Menopause is kicking my butt. I feel tired, stressed, depressed and very anxious. One second I am feeling fine the next I want to strip down to my undies but I have kids. I tried the generic form of estroven my mom suggested but did not help to eleviate anything. Maybe I will give the non generic a try.
Been trying to do the yoga for anxiety but my damn head wont stop with unnecessary thoughts.
To make matters worse—I went to take a nice hot bath yesterday night in hope of relaxing a bit. Washed my hair then went to pump out some conditioner and guess the HELL what ????? A spider hidden under the part where the conditioner comes out. I touched a big nasty spider. Flew out of the bath yelling for someone to save me. Thankfully my husband was able to pull himself away from his game. Tried to get back in the bath but my nerves were already shot.

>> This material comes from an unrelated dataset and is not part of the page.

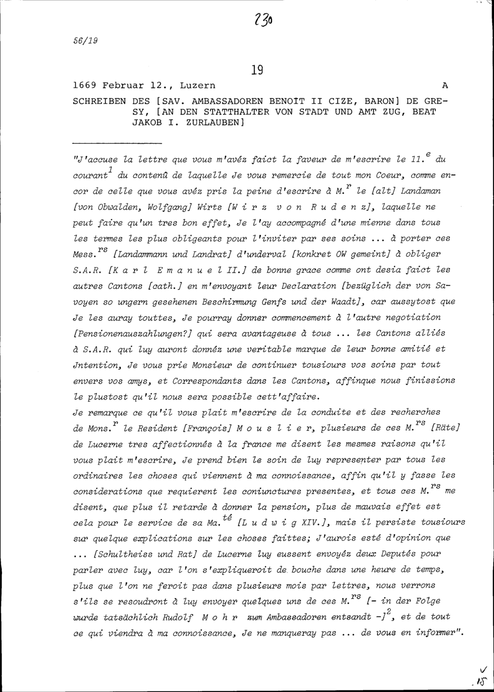 Schreiben von Benoît II. Cize, Baron de Grésy, Ambassador von Frankreich, an Beat Jakob I. Zurlauben, Statthalter von Stadt und Amt Zug
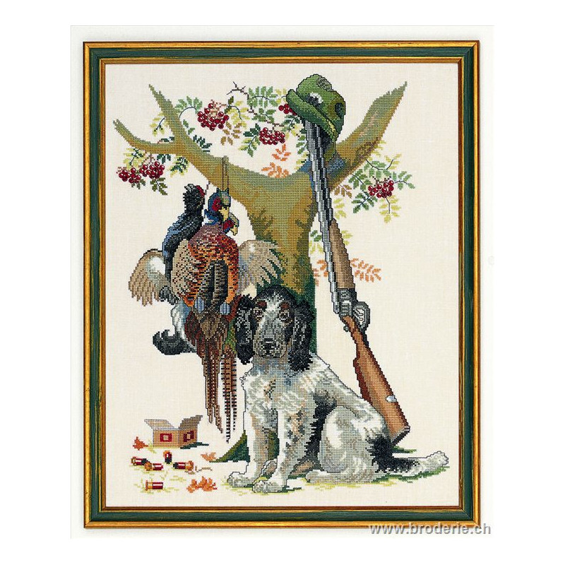 L'article 'Eva Rosenstand, kit Chasse (EV12-334)' fait partie de notre assortiment depuis le 1 mai 2009. Eva Rosenstand est une très belle gamme de points de croix comptés qui fête en 2008 ses 50 ans d'existence. Eva Rosenstand est une des premières maisons à avoir proposé aux clientes un style de broderie qui offrait d'autres motifs que des abécédaires ou marquoirs ... Les créatrices Clara Waever et Eva Rosenstand ont innové en réalisant de véritables tableaux en points de croix comptés, à s'y méprendre à de véritables peintures si on se tient à 1 petit mètre. Vous trouverez dans la gamme Eva Rosenstand beaucoup de paysages, des animaux qui semblent réels et pleins d'autres thèmes (mer - le Cervin - anciens métiers ... cartes de géographie des pays européens). Fiche technique : très belles broderies, riches en teintes différentes, souvent réalisées sur du lin. Points de croix comptés, points arrières. Ces ouvrages ne sont pas difficiles, mais relativement longs - regardez bien le format avant de commander et il est préférable d'aimer travailler sur du lin .. car c'est un peu dommage de devoir changer la trame.

My little love slept in his bed. Which was probably a good idea. Needed the space on my bed for all the tossing and turning I did because I could not sleep for crap.
Today is now Wednesday. All the kids fought over playing video games when they were suppose to just get freaken classes done. Husband again was too tired to help but was not too tired to jump on the game once his friends said to get on.
Did not at all follow my schedule. I hate when I get off it.
The only social media I get onto these days is my Instagram. I only follow and allow positive on that platform. I also follow my sons favorite you tubers-FGTEEV. The dad posted something that really got to me. He and his wife despite doing well by having money, nice house and an awesome family still compare their lives to others on social media. They felt like maybe someone is funnier, doing better, looking better than them. I have fallen into that trap as well…. It does get me down. I also have found that I have compared myself to this paticular family. Mostly to the dad. Wishing how even though the dad can be annoying, he is very attentive to his kids and wife. He plays games with his whole family. Involves his family in just about everything he does…That is what I compare things to more that how it would be nice to have a massive house or enough money to be able to spoil my kids.
This is me. This is my family. This is reality. Not a fake happy perfect family.
I love my family. We have our ups and our downs. My kids never get mistreated. They are brats at times. They fight 75 percent of the time( they are boys after all).
Going to end this… I might also take a time out. Need to get crap under control a bit.